Kubernetes is fast becoming an industry standard, with up to 94% of organizations deploying their services and applications on the container orchestration platform, according to a study. One of the key reasons why companies deploy Kubernetes is the standardization, which allows power users to see a performance increase of up to two times.
Standardizing Kubernetes gives organizations the ability to deploy any workload, anywhere. But something was missing: the technology assumed that workloads were ephemeral, meaning that only stateless workloads could be safely deployed in Kubernetes. However, the community has recently shifted the paradigm and brought features like StatefulSets and Storage Classes that make it possible to consume data in Kubernetes.
While running stateful workloads on Kubernetes is possible, it is still challenging. In this article, I provide ways to make this happen and why it’s worth it.
Do it progressively
Kubernetes is about to become as popular as Linux and the de facto way to run any application, anywhere, in a distributed fashion. Using Kubernetes involves learning a lot of technical concepts and vocabulary. For example, newcomers may struggle with Kubernetes’ many logical units such as containers, pods, nodes, and clusters.
If you’re not already using Kubernetes in a production environment, don’t jump right into data workloads. Instead, start by moving stateless apps to avoid losing data when things go awry.
If you can’t find an operator that suits your needs, don’t worry because most of them are open source.
Understand the limitations and specifics
After familiarizing yourself with the general concepts of Kubernetes, dive into the specifics of state concepts. For example, because applications may have different storage needs, such as performance or capacity requirements, you must provision the right underlying storage system.
What the industry commonly refers to as storage “profiles” are called storage classes in Kubernetes. They provide a way to describe the different types of classes that a Kubernetes cluster has access to. Storage classes can have different quality of service levels, such as I/O operations per second per GiB, backup policies, or arbitrary policies such as binding modes and allowed topologies.

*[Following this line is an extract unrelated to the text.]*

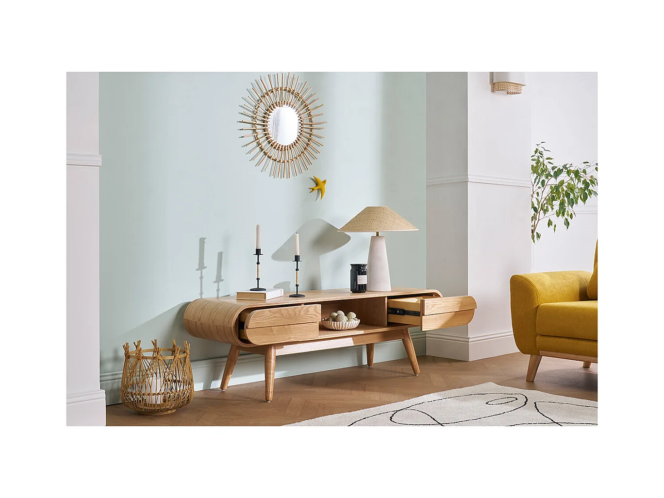 Meuble TV scandinave en bois clair 2 tiroirs L150 cm BALTIK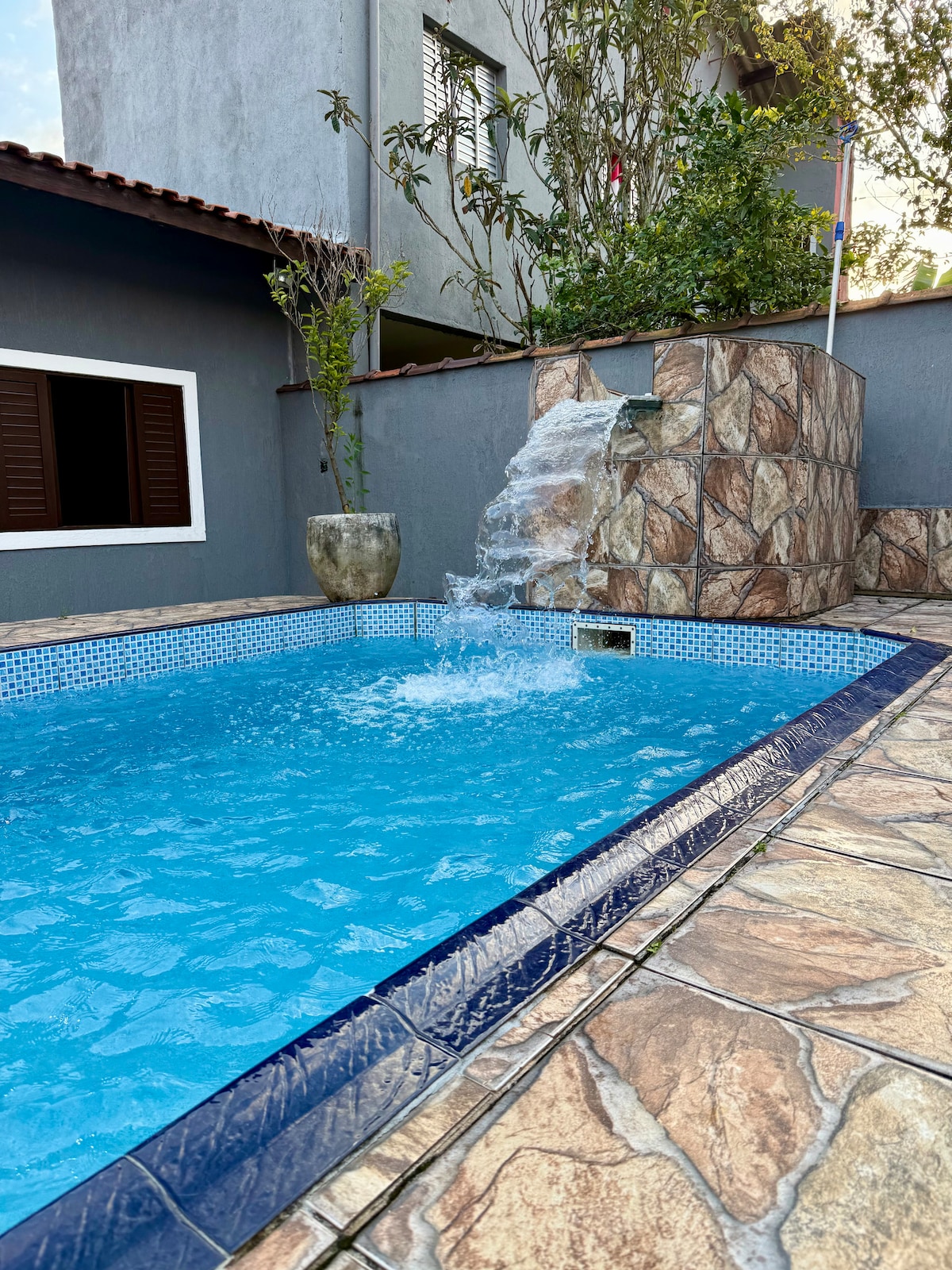 ☀️🏡🏖 Casa com Piscina para temporada, FDS, feriados, Natal e Ano Novo! Pra vc que busca uma casa com conforto e lazer para temporada, essa é a Casa do Bruno! Casa independente, privativa, ampla e uma enorme piscina 10x4x1,4 com cascata e hidro. Possui 2 dorm, 2 wc, sala, cozinha e varanda integrada a área gourmet , piscina e ducha praia. Com acomodação para 12 pessoas, dispõe de sistema de segurança monitorada, portão automático, Wi-Fi, TV Smart, e seu Pet é bem vindo 🐶🐯

Another critical component to understand is the StatefulSet. This is the Kubernetes API object used to manage stateful applications and offers key features such as:
- Robust, unique network identifiers that allow you to keep track of the volume and detach and reattach it as you wish;
- Stable, persistent storage so your data is safe;
- Neat, elegant deployment and scaling required for many Day 2 operations.

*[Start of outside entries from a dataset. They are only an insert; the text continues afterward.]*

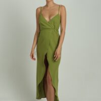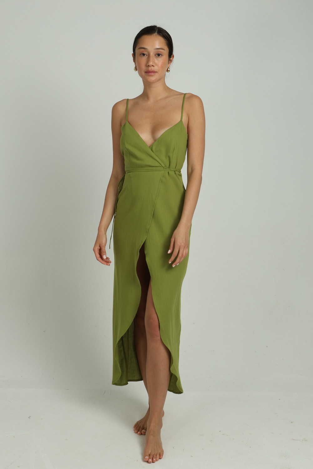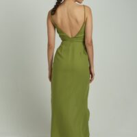 The YVONNE DRESS can be described a slip dress with thin straps and a slit, flattering the silhouette, accompanied by tie strings that can be tied in many different ways for a versatile look.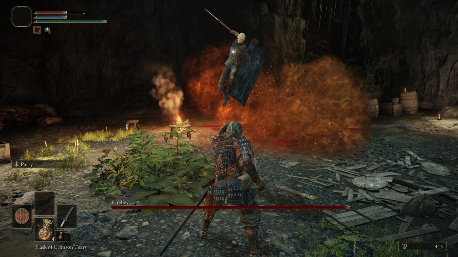 Face off against Bloody Finger Nerijus and a boss named Patches in Elden Ring.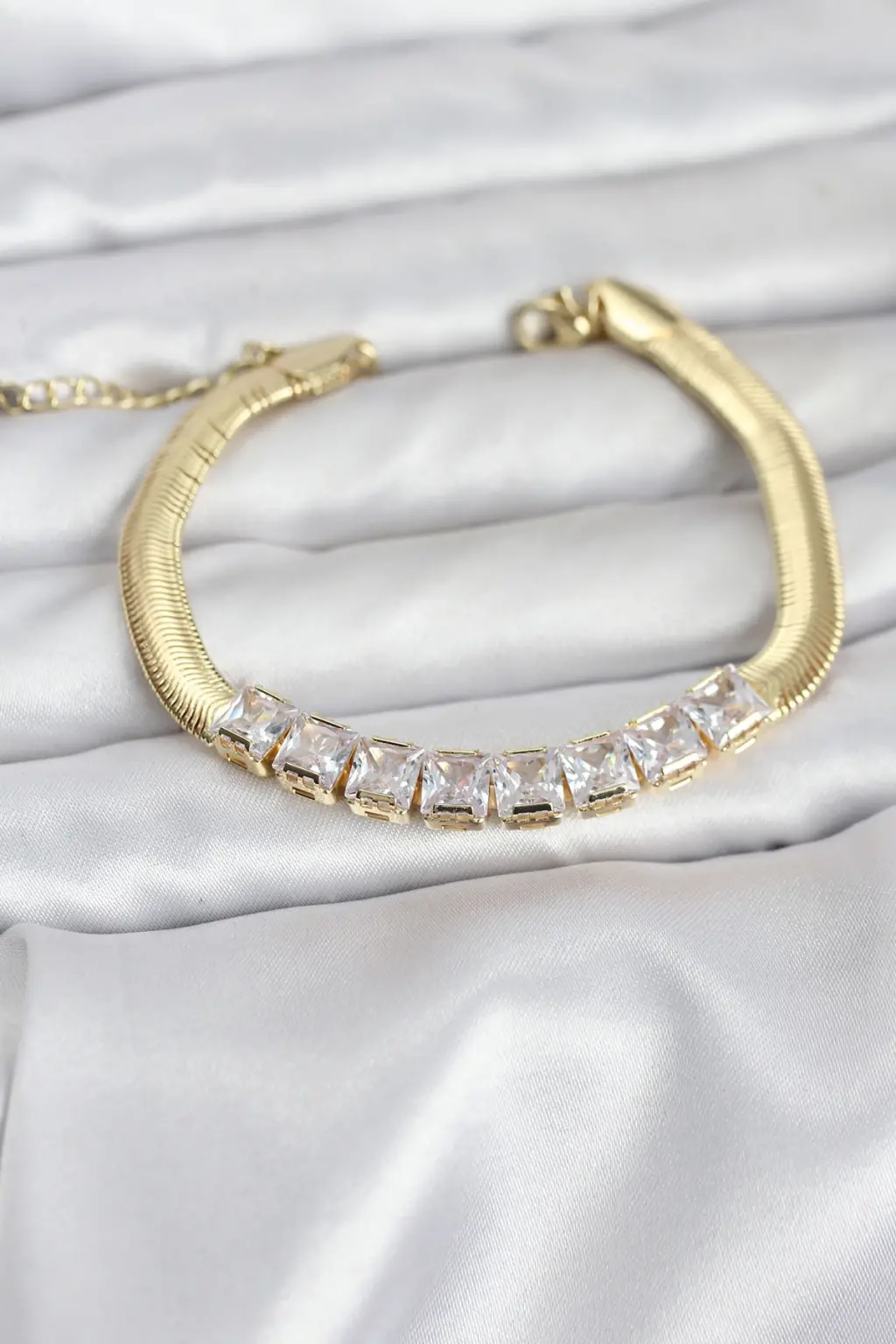 Gleam 316L Çelik Gold Renk Kare Zirkon Taşlı Yılan Zincirli Kadın Bileklik, şıklığı ve zarafeti seven kadınların vazgeçilmezi olacak!

Although StatefulSet is a successful replacement for the infamous PetSet (now deprecated), it is still imperfect and has limitations. For example, the StatefulSet controller has no built-in support for volume resizing (PVC). — which is a major challenge if your application’s dataset size is about to grow beyond your current allocated storage capacity. There is workaroundsbut such limitations should be understood well in advance so that the engineering team knows how to deal with them.